Nesse caso, quais são as melhores estratégias para superar o “dating burnout” e recuperar a motivação e a confiança para se relacionar? Para Mendonça, a própria pergunta aponta a resposta: a pessoa precisa confiar novamente nas pessoas. 

“O que muitas vezes acontece é a pessoa desenvolver um trauma de relações amorosas e começar a acreditar que nenhum homem ou nenhuma mulher merece confiança, que no fim todos e todas farão a mesma coisa. Essa crença generalizada, construída com base em situações específicas, é claramente um erro. Os homens e as mulheres não são todos iguais. E existem muitas pessoas que merecem a nossa confiança, precisamos inclusive acreditar nisso para que as nossas relações sociais sejam significativas para nós”, reflete o psicólogo, pontuando que a pessoa em estado de esgotamento pode se sentir sem força para tentar novamente. Mas ele adverte que simplesmente desistir não é uma opção saudável.  

“A repetição de relacionamentos frustrantes indica que a pessoa pode estar facilitando a frustração, seja por criar expectativas exageradas e precoces, seja por estimular no outro exatamente o comportamento que não deseja. Conversar com pessoas de confiança sobre essas relações frustradas pode ajudar a pessoa a ver a situação por outro ponto de vista, talvez compreender melhor o que aconteceu”, aponta, reconhecendo que afastar-se temporariamente de aplicativos de relacionamentos pode, sim, ser importante para diminuir a ansiedade por esperar o match perfeito ou a mensagem de uma pessoa específica. “Além disso, fazer psicoterapia pode ser fundamental para a pessoa identificar possíveis erros em seu próprio comportamento e, assim, promover mudanças”, completa. 

Moderação 

Rodrigo Tavares Mendonça acredita que aprender a dosar as expectativas é importante para construir relações mais satisfatórias, o que reduz as chances de um “dating burnout”. “Expectativas exageradas, especialmente se criadas precocemente em um relacionamento, podem assustar, às vezes estimulando no outro exatamente o afastamento temido”, avalia. De outro lado, ele indica que a ausência de conversas claras sobre o que se espera do relacionamento, muitas vezes por medo de querer levar o relacionamento a sério cedo demais, pode facilitar o não envolvimento do outro. “É preciso também não aceitar menos do que você quer e não ficar esperando a mudança do outro, como se estivesse faltando alguma coisa no parceiro ou parceira e você tivesse de ficar esperando alguma coisa acontecer para finalmente ele ou ela assumir o relacionamento”, diz.  

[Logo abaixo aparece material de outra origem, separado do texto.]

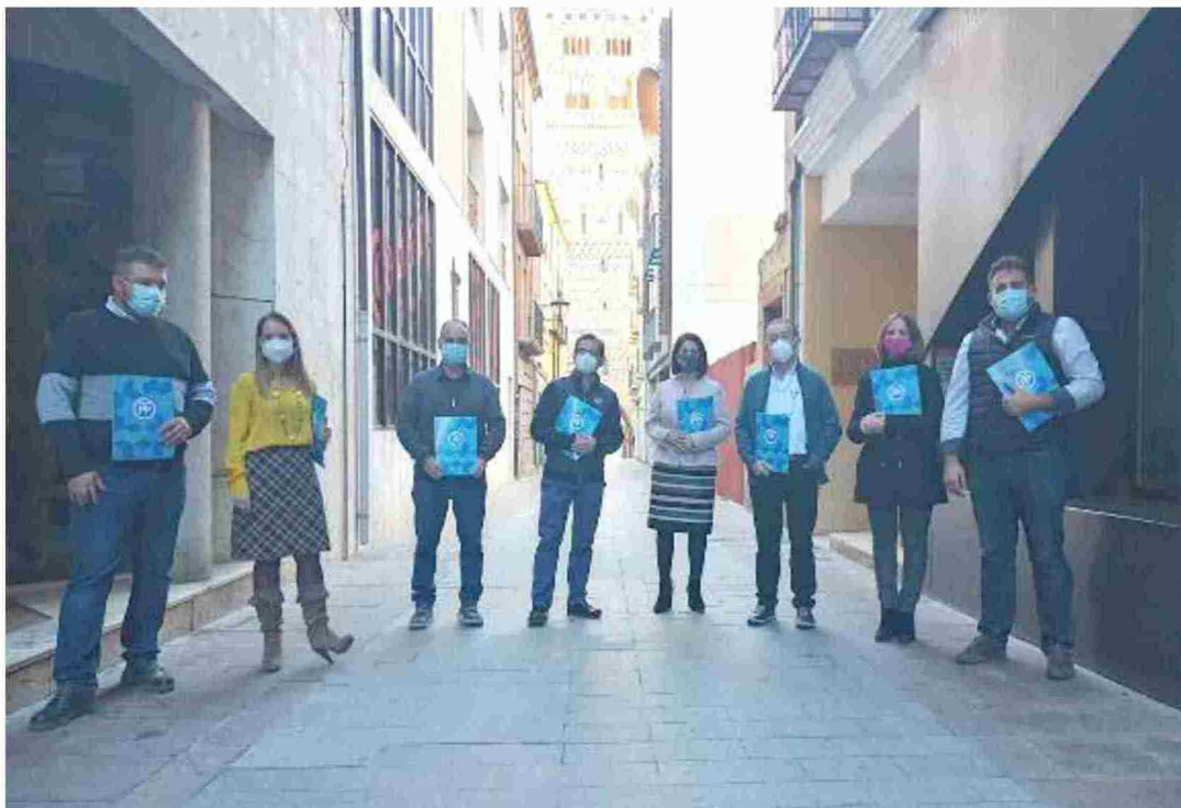
Los diputados del Partido Popular en la DPT han presentado enmiendas a los presupuestos de la institución por un importe superior a cinco millones de euros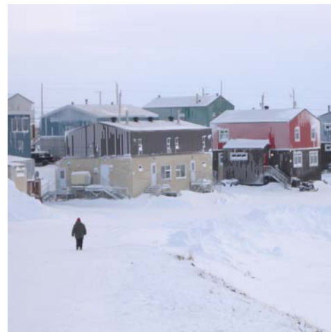
Puvirnituk, janvier 2017

Tous les partenaires y sont les bienvenus !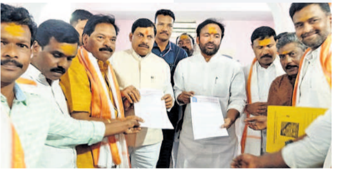
మధ్యప్రదేశ్ సీఎం మోహన్ యాదవ్, కేంద్ర మంత్రి కిషన్ రెడ్డికి వివరాలు తెలిపిన ఇన్స్పెక్టర్ చైర్మన్

రూ. 100 కోట్లు కేటాయింపుల వివరాలు కొమురవెల్లి మల్లికార్జున స్వామి క్షేత్రాభివృద్ధికి కేంద్ర ప్రభుత్వం నుంచి రూ. 100 కోట్ల నిధులు మంజూరు చేయాలని కోరుతూ కేంద్ర మంత్రి కిషన్ రెడ్డి, మధ్యప్రదేశ్ సీఎం మోహన్ యాదవ్ కలిసి కేంద్ర మంత్రి కిషన్ రెడ్డిని కలవ చేశారు. పాన్సం లోని పరిశ్రమలకు వాడలో ఆక్సిజన్ తనిఖీలు చేయాలని కోచారు. పాన్సం లోని పరిశ్రమలకు వాడలో ఆక్సిజన్ తనిఖీలు చేయాలని కోచారు. పాన్సం లోని పరిశ్రమలకు వాడలో ఆక్సిజన్ తనిఖీలు చేయాలని కోచారు.

Outra questão que pode contribuir para o problema é a pressão social e as expectativas alheias em relação à nossa vida amorosa. Nesse sentido, o psicólogo lembra aos solteiros que não existe um único modelo para se viver a vida de forma feliz e saudável e que ter um relacionamento sério não é a solução garantida de uma vida melhor. “Estar solteiro ou solteira não é uma perda de tempo, então muitas vezes não se justifica a pressa”, explica.